Ethiopian Premier League
- Season: 2015–16
- Champions: Kedus Giorgis
- Relegated: Dashen Beer FC; Hadiya Hossana FC;
- CAF Champions League: Kedus Giorgis
- Confederation Cup: Ethiopia Bunna

= 2015–16 Ethiopian Premier League =

70th season of top-tier Ethiopian football

The 2015-16 Ethiopian Premier League is the 70th season of top-tier football in Ethiopia.
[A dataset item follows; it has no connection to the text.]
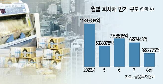24일 금융투자협회에 따르면 다음 달 만기가 돌아오는 회사채 규모는 11조 9699억 원에 달한다. 이는 올해 1월(11조 4366억 원)과 2월(12조 6285억 원)에 이어 3번째로 큰 수준이다.

The season began on 28 October 2015. Saint George SC were the defending champions, having won their 24th championship.

==Teams==

A total of 14 teams contested the league, including 12 sides from the 2014–15 season and two promoted from the National League. The two newcomers were Dire Dawa City and Hadiya Hossana FC. The teams finishing in the bottom two places were relegated to the National League for 2015-16.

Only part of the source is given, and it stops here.